We had a very inexpensive wedding for about 25 people, and it cost us around $3000. Every little thing you buy for a wedding adds up - candles for the tables, napkins, shoes, earrings, wine, tablecloths, wedding cake, venue rental fee, fee for the officiant, dresses and tuxes, food - everything.

Some people want to party with their relatives and friends. I don’t see the problem in having a party for a big occassion. People have birthday parties all the time. I had a party after my wedding because I wanted a party. Most people want parties.

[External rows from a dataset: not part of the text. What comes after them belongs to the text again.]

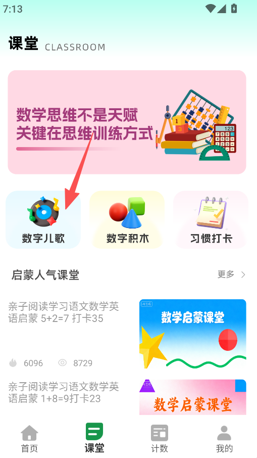 1、进入课堂、点击数字儿歌、进入课程列表页。
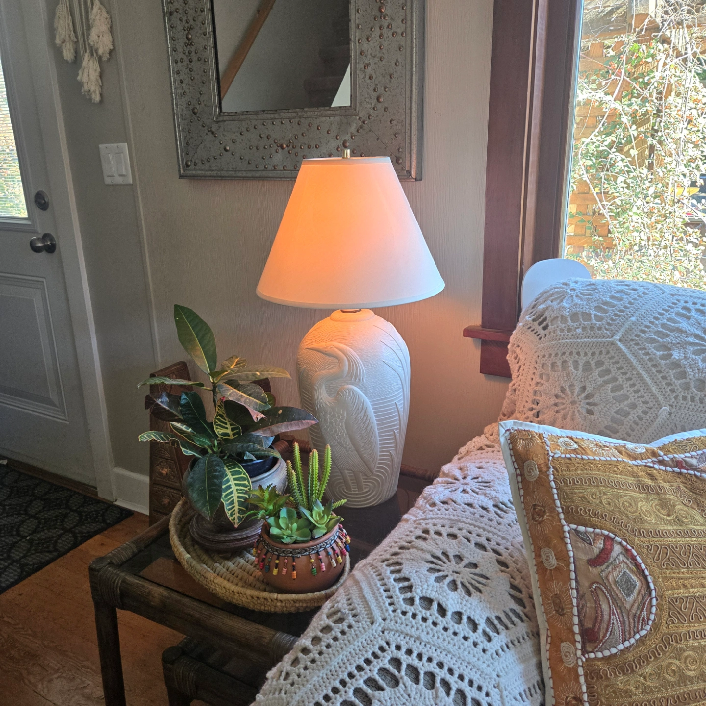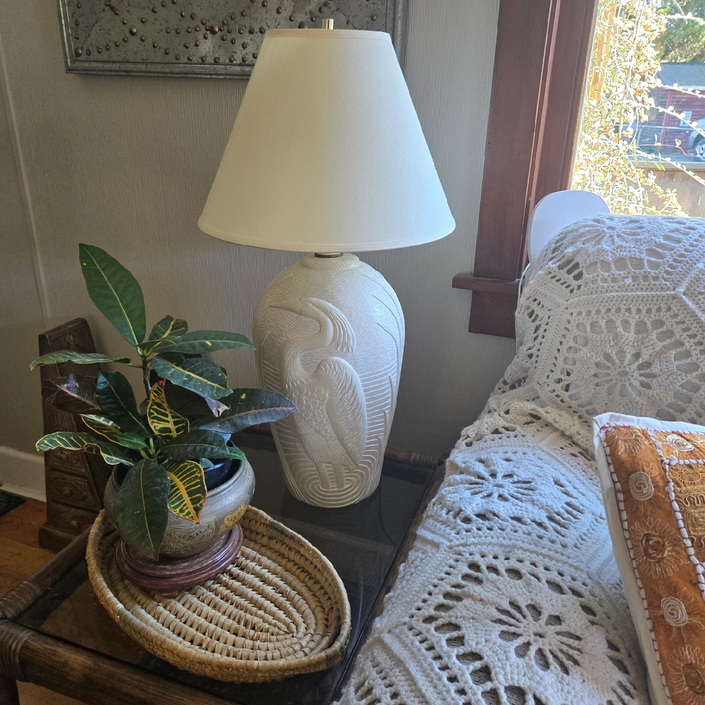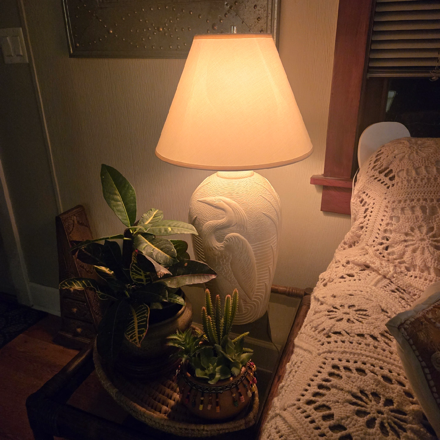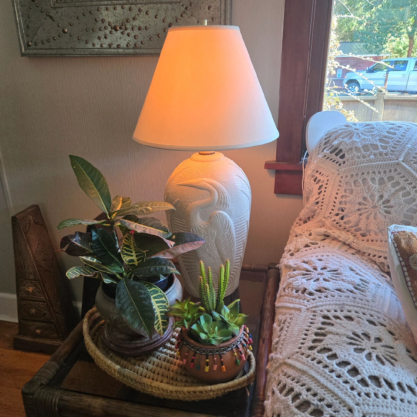 This collectible retro 1970s 80s lamp features a calming cream colour ceramic heron design. • Heron Pottery Tall Table Lamp". • lamp height 27" • lamp diameter 9" at widest • lamp diameter 6" at base • shade height 12.5" • shade diameter 20"
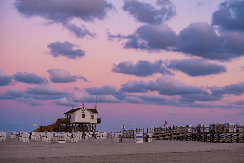 Eine viertel Stunde nach Sonnenuntergang am Strand von St.Peter-Ording. Freitag, 21. Juni 2019 um 22:16 Uhr.
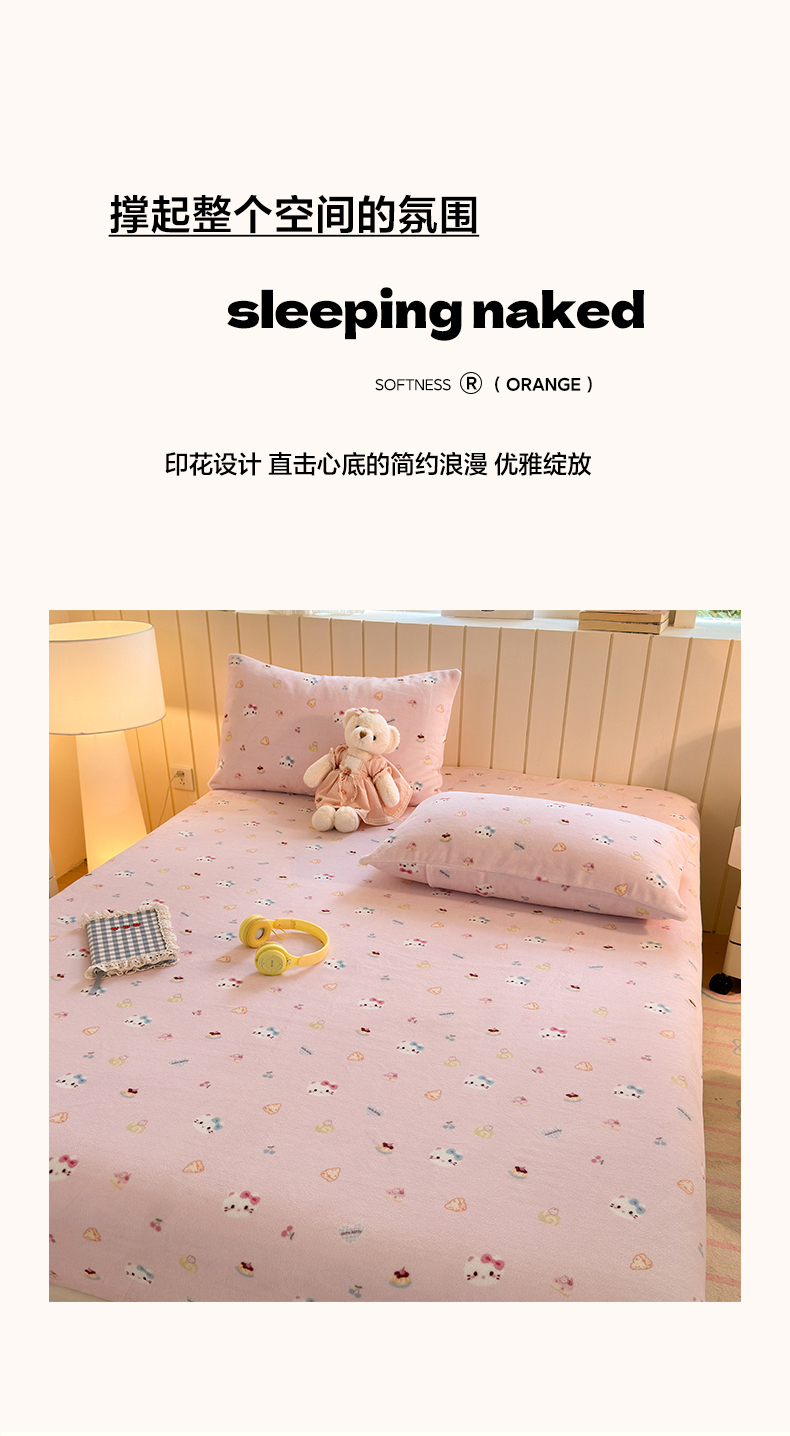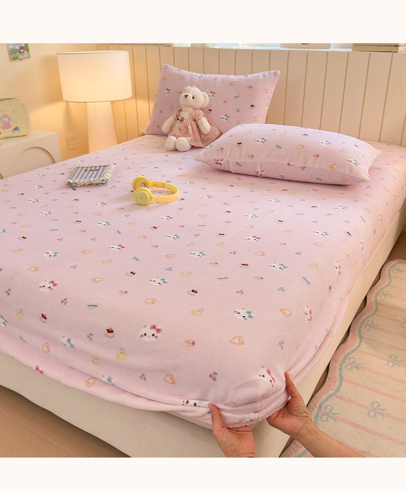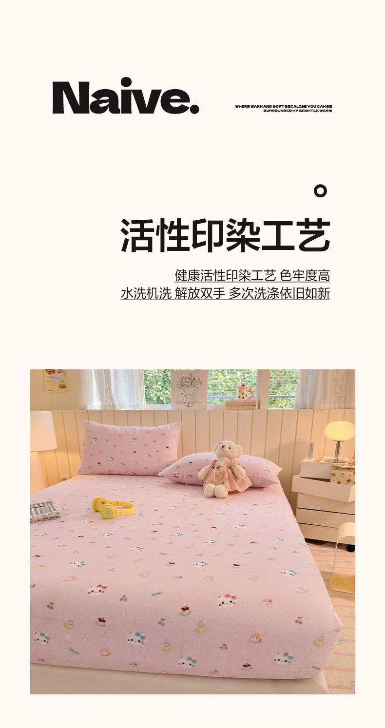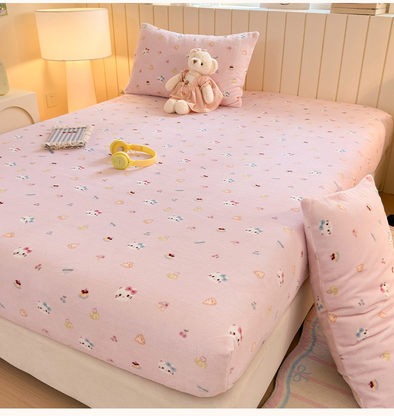丽美人家纺 2025年牛奶绒小版印花床笠单床笠床笠单件 可爱小猫
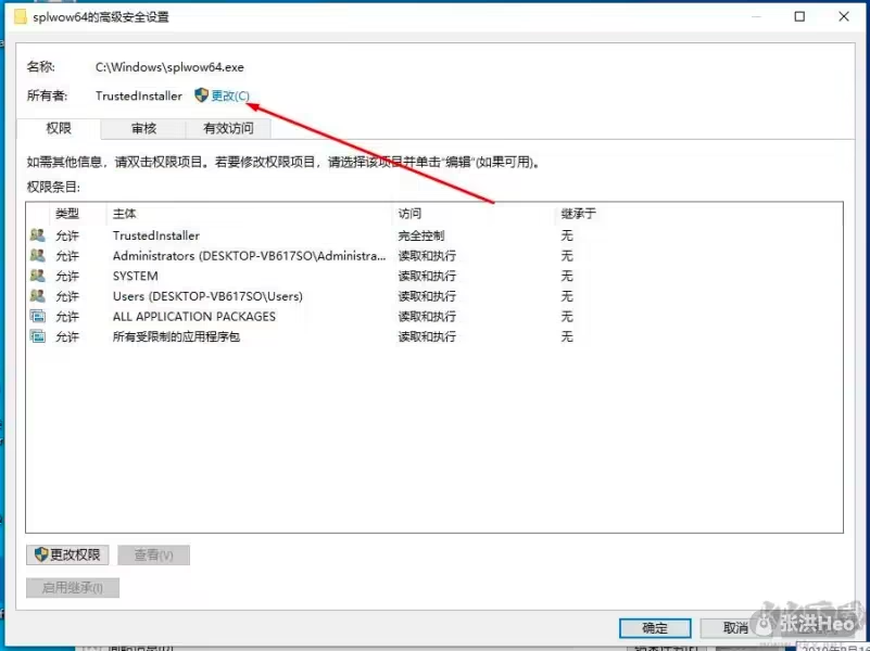 • 此时我们可以看到所有者为Trustedinstaller或者别的,点击更改
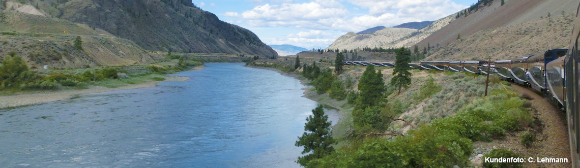 Von Vancouver geht die Fahrt durch die Flussebene des Fraser Valley, bevor der Zug in den Fraser Canyon einfährt. Am frühen Nachmittag führen die Gleise entlang des Thompson River nach Kamloops in der Thompson-Okanagan-Region. Hotelübernachtung.
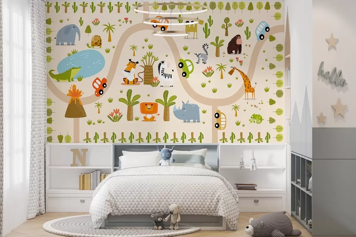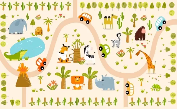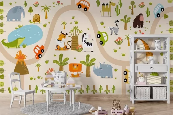 Fototapetai Safari su gyvūnais ir automobiliais Nr. w04931
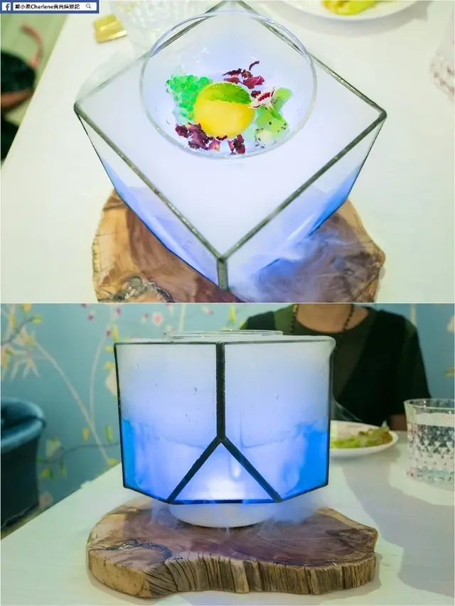 一上桌大家都好驚艷!夢幻的藍色液體,冒出白色乾冰,看起來好夢幻啊~

Some people want big parties, other people want affordable parties, some people don’t want parties.

You can blame the party mindset on social conditioning, sure, I guess that’s what it is at the core, but it’s so boorish to look at someone having fun at a party and say, “Well you know you didn’t HAVE to spend all this money. You know this is just society influencing you to celebrate life events right? You could’ve done this for a mere $50 license fee if society didn’t push you around so much!”

A person can both

  1. Want to party
  2. Do it affordably for a lot of people

and even

  1. Party stylishly

Without the secret cause being

  1. Didn’t really want to party but society forced them to via peer pressure

We saved quite a bit by going with a non-traditional venue, a coffee house. We paid for the location, staff, beer and corkage for the champagne toast. We used other caterers to deliver various food items, provided our own tunes via iPod, and had photographically inclined friends give us their services for the evening.

The local florist gave us a nice deal on flowers, no $2,000 wedding package there. The local bakery made up a nice, reasonably priced cake. Another friend, a restauranteur, provided the champagne as a gift. We bought champagne flutes from IKEA, which were less expensive than renting and the venue bought them off of us at the end of the event.

We also did a lot of the decorations of things, like favors, and invitations, ourselves. Took friggin’ forever, but they came out very nice.